▸ Work to complete:
Word for word, restate the lines from the one containing "[ROSASEN] 로사센 잉크패턴" through the last line of the material, and include no pictures.

*** Raw data ***

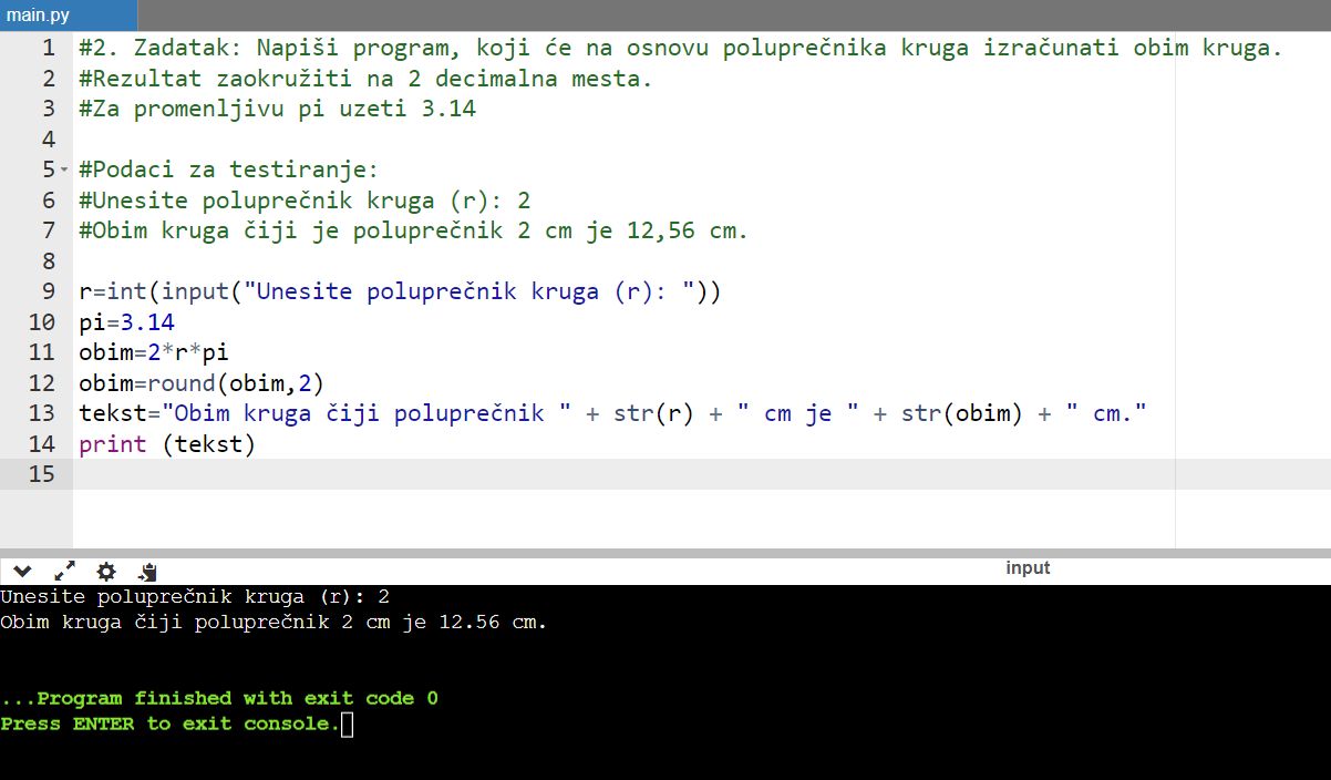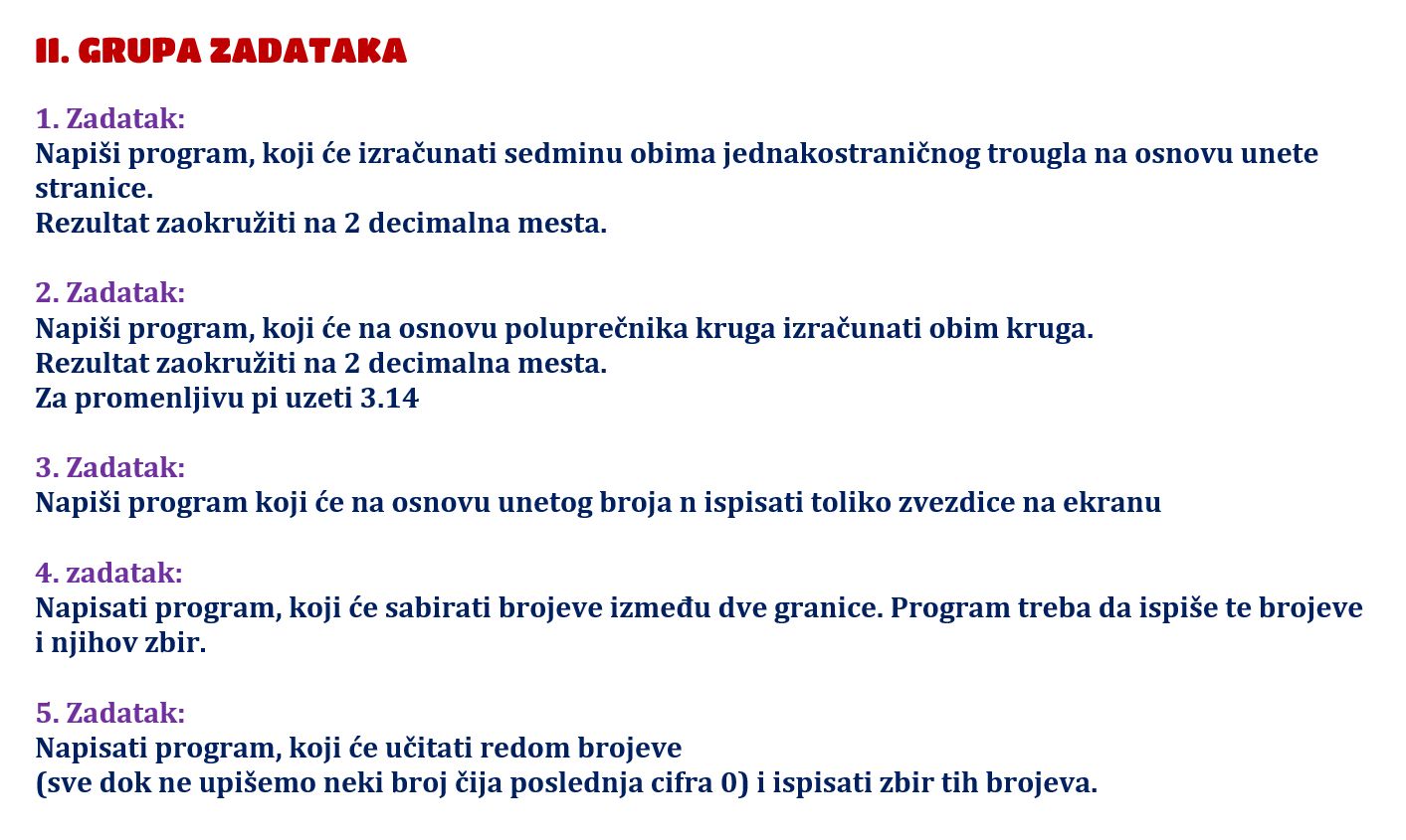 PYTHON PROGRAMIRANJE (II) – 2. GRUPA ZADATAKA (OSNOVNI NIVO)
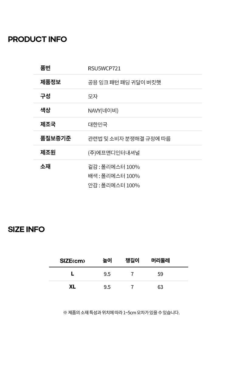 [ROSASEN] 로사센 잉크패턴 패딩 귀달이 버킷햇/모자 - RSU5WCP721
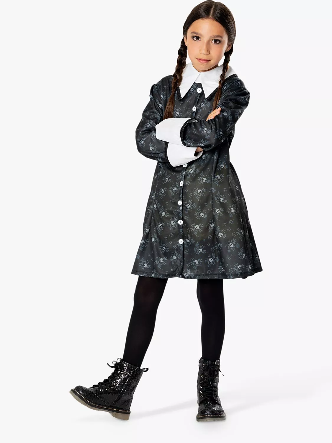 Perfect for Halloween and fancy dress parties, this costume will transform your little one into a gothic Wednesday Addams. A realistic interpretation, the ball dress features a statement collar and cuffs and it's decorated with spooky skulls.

*** End of Raw data ***

▸ Answer to the exercise:
 [ROSASEN] 로사센 잉크패턴 패딩 귀달이 버킷햇/모자 - RSU5WCP721
 Perfect for Halloween and fancy dress parties, this costume will transform your little one into a gothic Wednesday Addams. A realistic interpretation, the ball dress features a statement collar and cuffs and it's decorated with spooky skulls.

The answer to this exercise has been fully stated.